Хотя, с другой стороны, на меня работал элемент неожиданности.

— Яльга? — вопросительно окликнули меня с ближнего стола.

Я обернулась. Там, почему-то не замеченный мной с порога, сидел рекомый Хельги в компании с пузатым кувшином. Вид у обоих был серьезный и вдумчивый: похоже, они не собирались расставаться до тех пор, пока окончательно не удовлетворятся друг другом. Судя по тому, что меня все-таки узнали, момент расставания был еще далек.

— А ты тут что делаешь? — поразилась я, подсаживаясь на свободный табурет. — Я думала, ты в городе, с Ликки…

— Да-а, поссорились мы, — махнул рукой вампир. Помолчав, он пунктуально уточнил: — В восьмой раз.

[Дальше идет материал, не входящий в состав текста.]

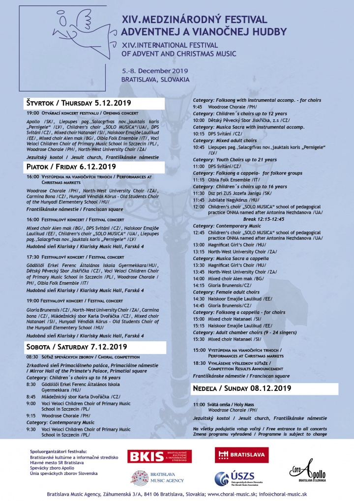 December 5–8. (csütörtöktől vasárnapig) – Adventi és Karácsonyi Énekek Nemzetközi Fesztiválja

Я уважительно приподняла брови. Хельги всегда везло на амурные похождения (симпатичный, мужественный, общительный, на подарках почти не экономит), поэтому большая часть всех адепток начинала хихикать, едва он показывался на горизонте. При таком шикарном выборе, казалось бы, у вампира не должно было возникнуть никаких проблем; тем не менее он раз за разом наступал на одни и те же грабли, забывая, что самые эффектные адептки по совместительству являются и самыми стервозными.

— Тебе налить? — мрачно предложил Хельги, приподнимая кувшин за горлышко.